CEO Dario Amodei published the same day a personal essay, “Policy on the AI Exponential”, framing the proposal in the US regulatory tradition (darioamodei.com, June 2026). The analogy is deliberately chosen — airplanes, not nuclear weapons: “Frontier AI models, like airplanes, should be required to go through technical testing and auditing, and their release should be blocked or reversed as a threat to public safety if they do not meet high standards of safety.” Amodei explicitly cites the Trump Executive Order of June 2026 as incremental progress in the right direction, and recommends more action, not less.
The Advanced AI Framework isn’t a blank check for regulation. The original PDF explicitly includes “concrete safeguards that would prevent that power from being misused”, and specifies that blocking authority should be “scoped to the above four specific risks” with “protective measures against political favoritism or arbitrary decisions”. The proposal is a compact: yes to power, but with a statutory, transparent, fair, clear, and grounded in technical facts process. These are exactly the words the June 12 statement will reuse — and contest as missing.
June 12, 2026 — the directive. At 5:21 PM ET on Thursday, June 11, 2026, Anthropic received from the US government an export control directive ordering the immediate suspension of access to Fable 5 and Mythos 5 for any “foreign national”, wherever located, including Anthropic employees of foreign nationality. The net effect — announced by Anthropic in a statement on June 12 — was the disabling of both models for all customers, American and non-American, to ensure compliance. Access to all other Anthropic models — Sonnet, Opus, Haiku, other classes — was not affected.

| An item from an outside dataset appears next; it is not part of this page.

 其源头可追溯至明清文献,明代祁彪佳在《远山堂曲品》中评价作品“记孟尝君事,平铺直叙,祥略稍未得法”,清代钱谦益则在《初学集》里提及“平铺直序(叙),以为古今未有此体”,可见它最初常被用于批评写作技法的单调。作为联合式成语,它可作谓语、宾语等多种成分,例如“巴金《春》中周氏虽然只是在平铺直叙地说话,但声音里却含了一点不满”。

The government letter, Anthropic writes, “did not provide specific details of its national security concern”. Anthropic’s understanding is that the government became aware of a method to bypass Fable 5’s safeguards — a jailbreak. Anthropic examined a demonstration of that technique and described the results as “a small number of previously known, minor vulnerabilities”, “relatively simple”, replicable “by other publicly-available models … without requiring a bypass”. The explicit reference is to OpenAI GPT-5.5, whose system card — published April 23, 2026, updated April 24 — classifies GPT-5.5 as “High capability in the Cybersecurity domain, but below Critical” and “High capability in the Biological and Chemical domain”. For Anthropic, that capability isn’t specific to Fable 5, and doesn’t justify a generalized recall.

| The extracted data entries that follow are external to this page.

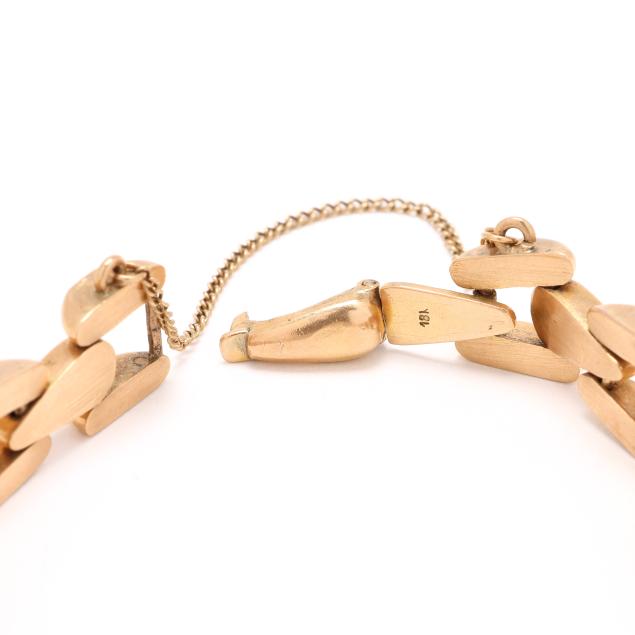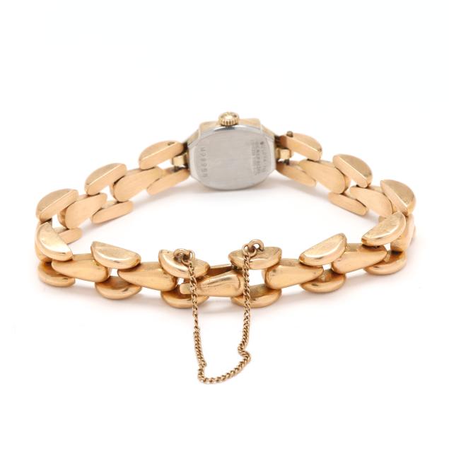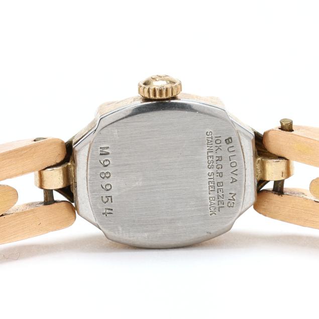 Circa 1963, manual wind, Bulova 5AR, case number M98954, the navette-shaped rolled gold-plated case with engraved detailing to lugs, the signed silver-tone dial with gold-tone Arabic numeral hour markers and gold-tone sword hands, the gold link bracelet completed with a fold-over clasp stamped 18K and safety chain, the caseback signed and stamped 10K RGP Bezel / Stainless Steel Back / M98954, bracelet testing 18KT.
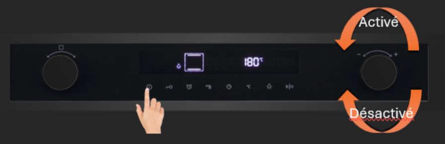 - Version du logiciel supérieure à 2.25: appuyez successivement sur les 3 dernières touches de la séquence minuterie de cuisson, marche/arrêt, sécurité enfants.
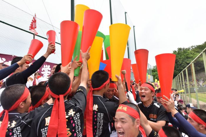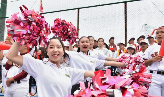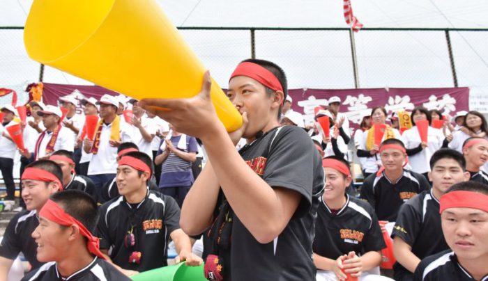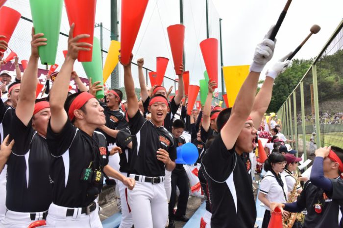 写真は、野球部の応援団と、星城応援団【TEAM☆城】のようすです。

Anthropic announced: “We are complying with the government’s legal directive and are removing access to Fable 5 and Mythos 5 for all users. However, we disagree that the finding of a narrow potential jailbreak should be cause for recalling a commercial model deployed to hundreds of millions of people. If this standard was applied across the industry, we believe it would essentially halt all new model deployments for all frontier model providers.”
And again, in closing: “As we have stated publicly, we believe the government should have the ability to block unsafe deployments, as part of a statutory process that is transparent, fair, clear, and grounded in technical facts. This action does not adhere to those principles.”
The phrases are exactly those the Advanced AI Framework had invoked as prerequisites. Anthropic cites two links in the preceding line: the June 10 policy framework and Amodei’s essay. The message is clear: the proposal exists, the government is using it as a basis for action, but is using it in a form that the proposal itself excluded.
Why it matters
1. For the sector: the first operational precedent of blocking power without the statutory process that was requested. Fable 5 had been launched on June 9, 2026, as the first publicly available “Mythos” class model (the class with more aggressive cyber safeguards), distributed via API. Three days later it’s unreachable via API by any customer. It’s not the first time a Western government has suspended a frontier model — it’s the first time the suspension power is exercised against the lab that, two days earlier, publicly requested that power. For OpenAI, Google DeepMind, Meta, xAI, Microsoft AI, the question becomes operational: if “narrow, non-universal jailbreak replicable by GPT-5.5” becomes the operational basis for suspending a commercial model, the risk surface of anyone releasing a frontier model increases. Anthropic itself writes: “If this standard was applied across the industry, we believe it would essentially halt all new model deployments for all frontier model providers.”
2. For developers: the distinction between “all customers” and “foreign customers” is operational, not semantic. The export control directive prohibits access to foreign nationals, wherever. For compliance, Anthropic disables access also for customers who aren’t foreign nationals. The practical effect is global. For anyone with eval, logs, agents, monitoring, or work-in-progress based on claude-fable-5 or claude-mythos-5, a fallback is needed. For users of Sonnet, Opus, or Haiku, the API is unaffected — but the regulatory precedent is.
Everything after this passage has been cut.